### How to complete this task
In the listing below, locate the line with "Structure chêne massif" and the line with "Beta caroteno, vitamina", then output both and everything between them exactly, minus any pictures.

### Record set
-=-=-=-=-
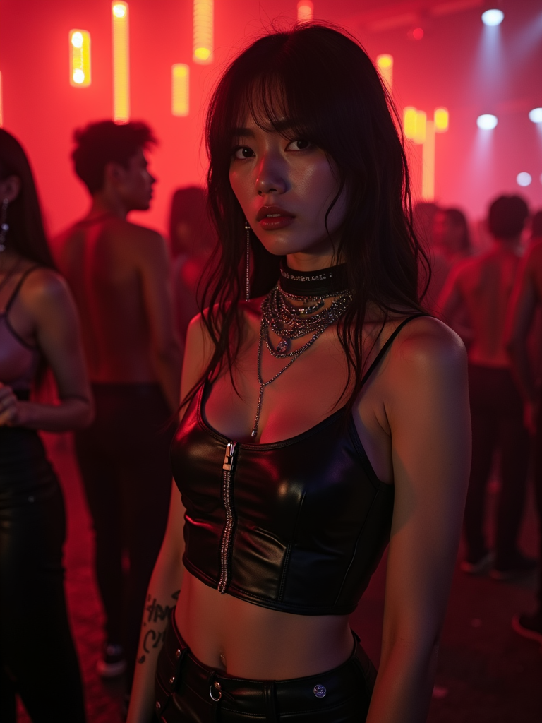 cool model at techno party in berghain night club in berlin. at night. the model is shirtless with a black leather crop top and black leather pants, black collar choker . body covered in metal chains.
-=-=-=-=-
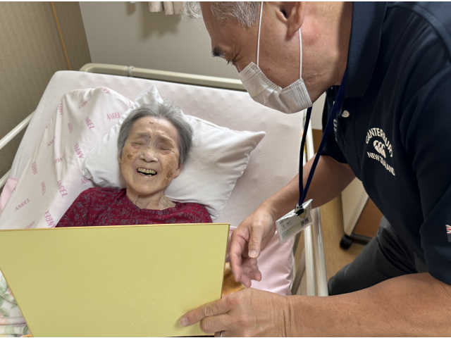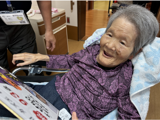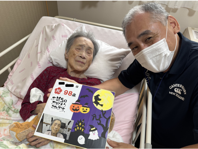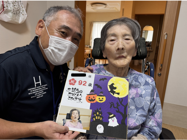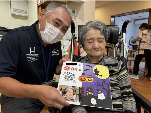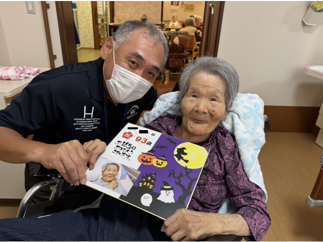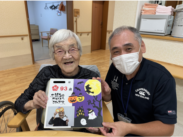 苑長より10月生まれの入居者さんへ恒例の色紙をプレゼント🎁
-=-=-=-=-
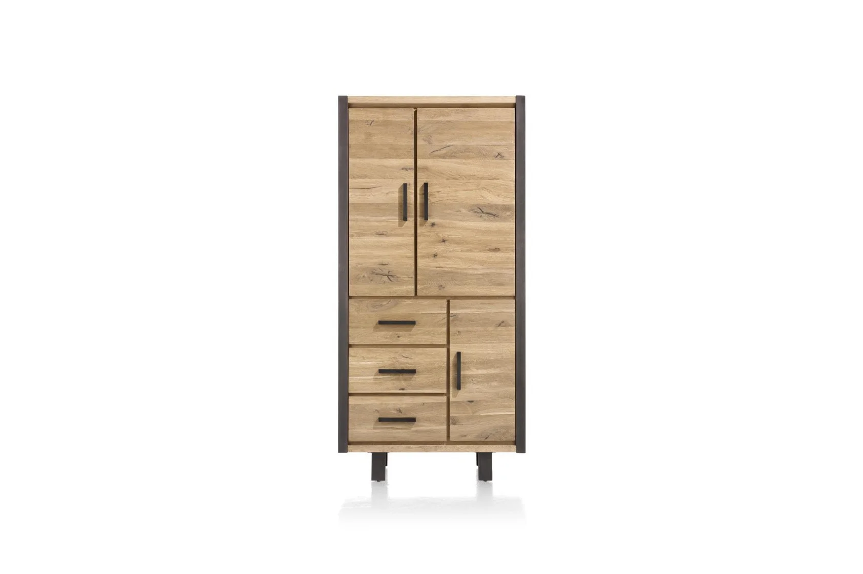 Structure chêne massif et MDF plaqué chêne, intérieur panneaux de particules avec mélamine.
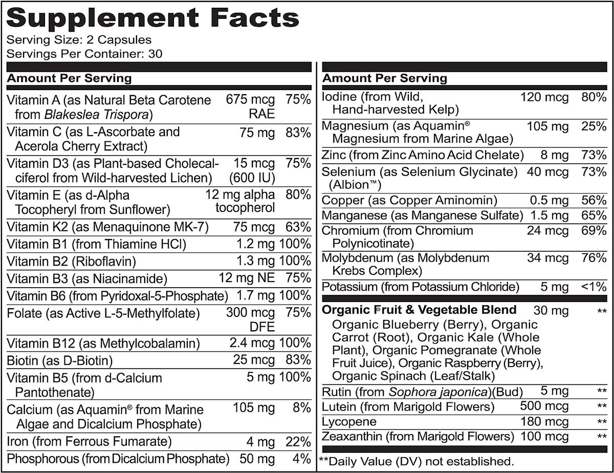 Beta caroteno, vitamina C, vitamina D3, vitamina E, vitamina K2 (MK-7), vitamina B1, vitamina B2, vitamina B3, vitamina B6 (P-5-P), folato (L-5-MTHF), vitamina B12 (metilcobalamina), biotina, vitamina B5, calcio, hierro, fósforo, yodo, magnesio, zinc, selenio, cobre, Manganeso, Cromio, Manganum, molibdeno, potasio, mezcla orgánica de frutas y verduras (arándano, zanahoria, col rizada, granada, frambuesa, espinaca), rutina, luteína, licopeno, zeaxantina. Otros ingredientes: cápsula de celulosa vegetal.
-=-=-=-=-
### Solved exercise
 Structure chêne massif et MDF plaqué chêne, intérieur panneaux de particules avec mélamine.
 Beta caroteno, vitamina C, vitamina D3, vitamina E, vitamina K2 (MK-7), vitamina B1, vitamina B2, vitamina B3, vitamina B6 (P-5-P), folato (L-5-MTHF), vitamina B12 (metilcobalamina), biotina, vitamina B5, calcio, hierro, fósforo, yodo, magnesio, zinc, selenio, cobre, Manganeso, Cromio, Manganum, molibdeno, potasio, mezcla orgánica de frutas y verduras (arándano, zanahoria, col rizada, granada, frambuesa, espinaca), rutina, luteína, licopeno, zeaxantina. Otros ingredientes: cápsula de celulosa vegetal.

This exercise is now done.